While the search for names continues, the names of 412 individuals who served with the King’s African Rifles and Sierra Leone Carrier Corps, are in the process of being accepted for inclusion in our records. The majority of the names were presented to us following research by the In From The Cold project team. Our sincere thanks to them and their volunteers.
On a recent inspection tour, our team in Mombasa examined a memorial in Mwele Ndogo in the Shimba Hills of Kenya that is not currently part of the CWGC estate.
The memorial carries the names of members of the Arab Rifles who died while serving with Major Arthur Wavell in 1916. The names of these men are not in CWGC’s war records but are now in the process of being accepted for commemoration.
We are currently establishing ownership of the memorial with a view to potentially adopting it as the official place of commemoration. In the meantime, our colleagues on the ground have carried out an inspection of the memorial and its surrounds.
An overwhelming response
Following the publication of the report, we received more than 150 offers of assistance from individuals, institutions, groups and associations around the world.

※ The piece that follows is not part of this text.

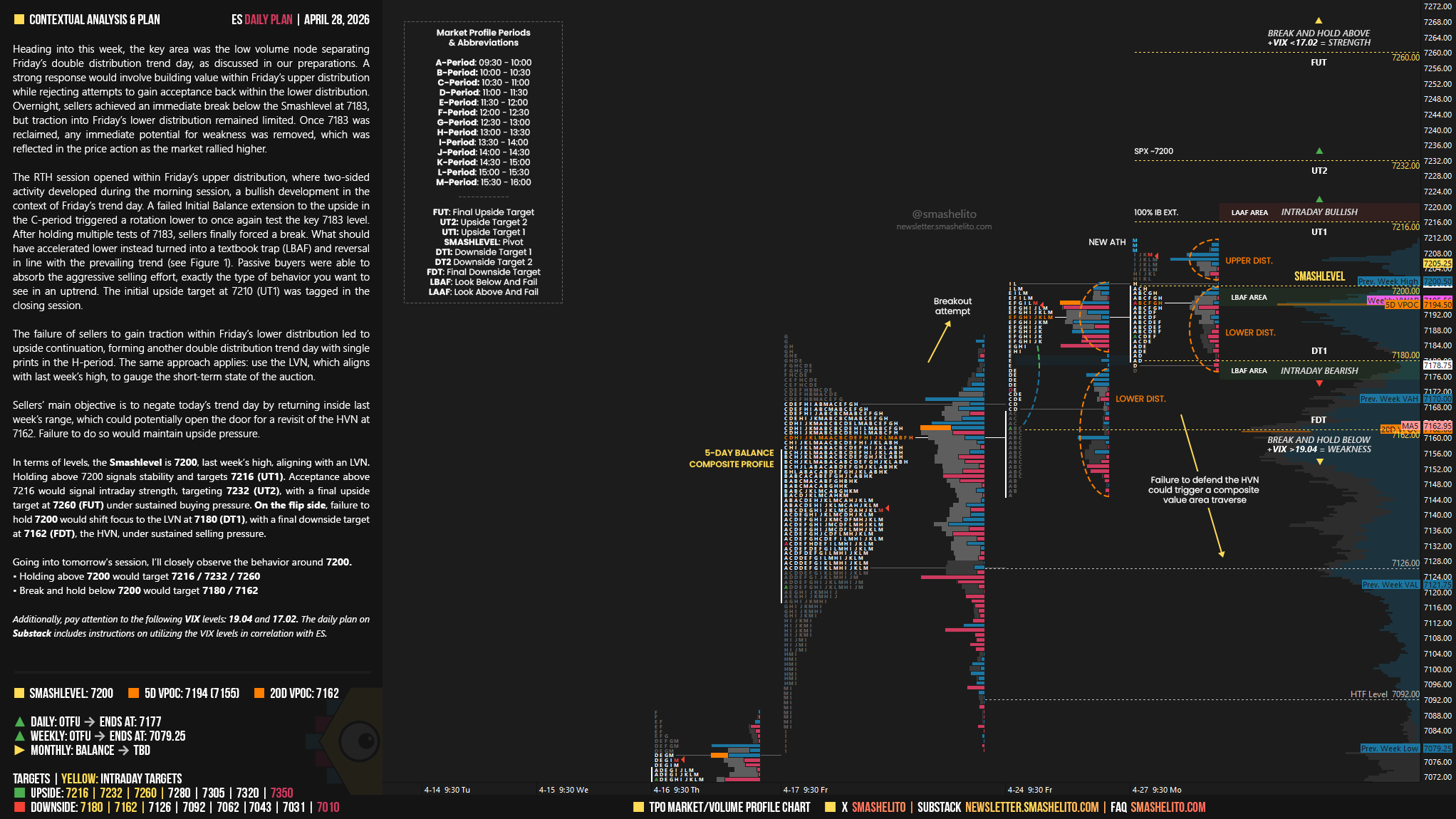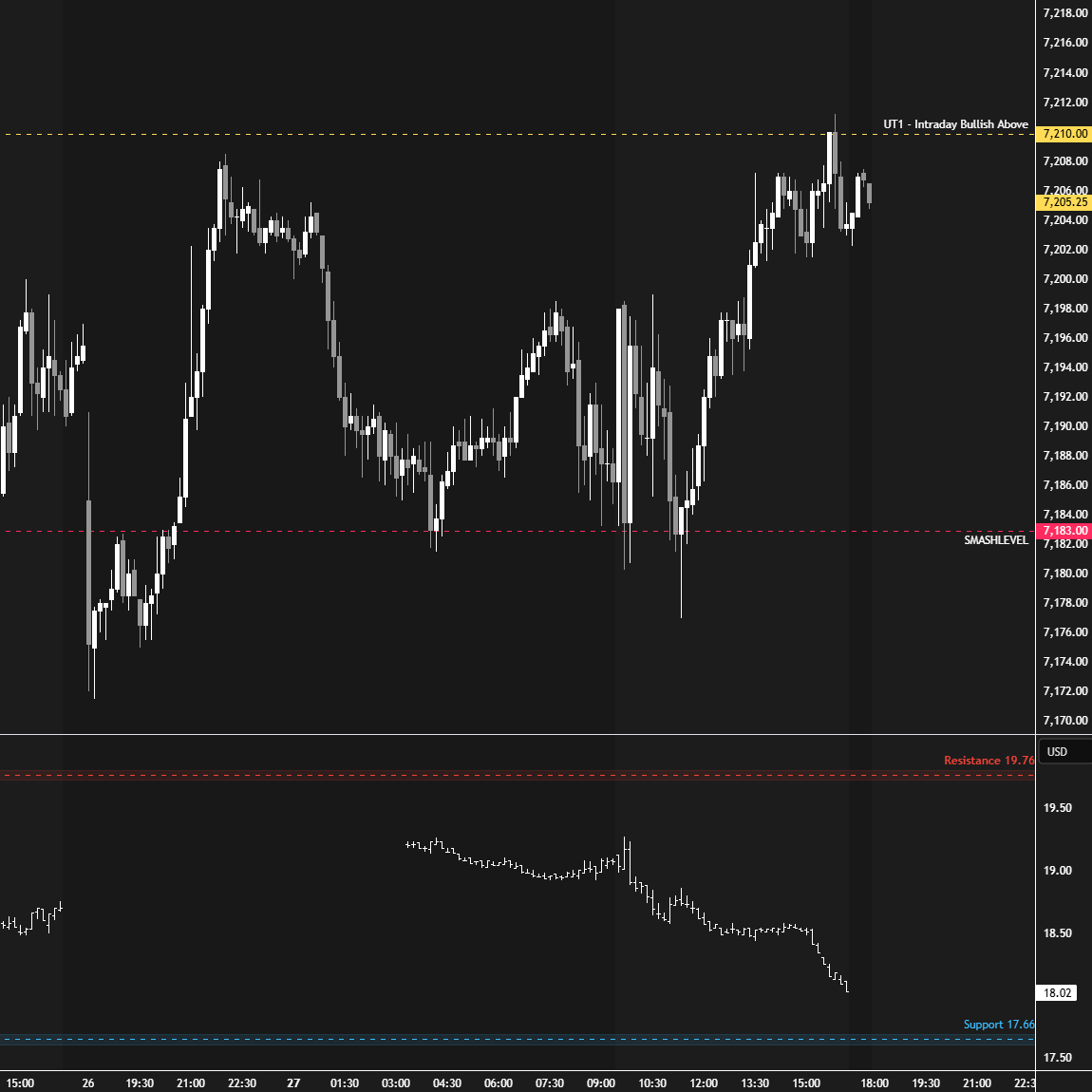 In terms of levels, the Smashlevel is 7200, last week’s high, aligning with an LVN. Holding above 7200 signals stability and targets 7216 (UT1). Acceptance above 7216 would signal intraday strength, targeting 7232 (UT2), with a final upside target at 7260 (FUT) under sustained buying pressure.
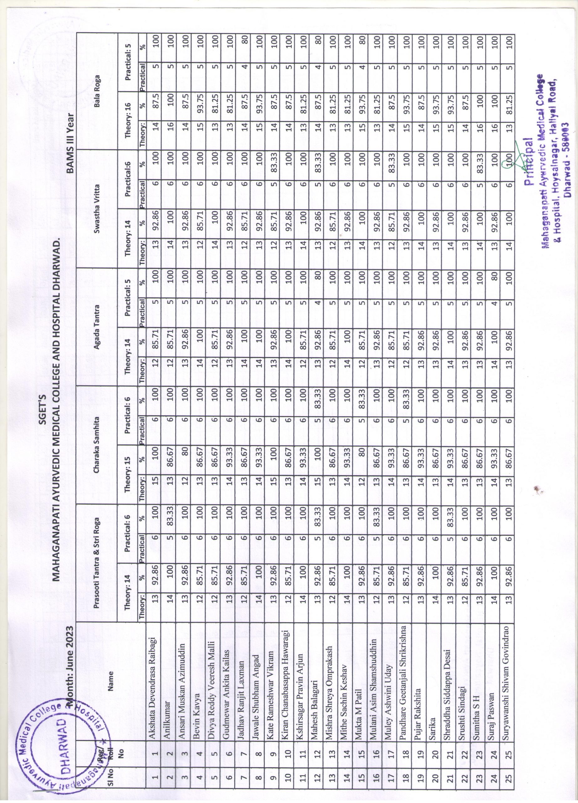 BAMS III Year Attendance Report for the month of June 2023

We are heartened by such support and many are already providing significant help in our search for names and planned community engagement activities.
In the interests of greater transparency, you will begin to see historical notes appearing against some memorials and cemeteries on our website. Using the new “quill” icon, these notes will explain historical issues with certain locations and where CWGC has taken steps to rectify them.
Resources and Planning
A project of this nature requires considerable planning and resource. Over the last two months, we have established a project team to implement the Special Committee’s recommendations. Chaired by CWGC Director General Claire Horton CBE, the working group consists of research, operational and education/engagement strands and plans are well underway to implement the Special Committee’s ten recommendations.
We have also begun the search for additional support on the ground in Kenya, Tanzania, India and Egypt and have entered into a highly promising partnership with the Museums of Kenya. Work has also started on our education and outreach programmes.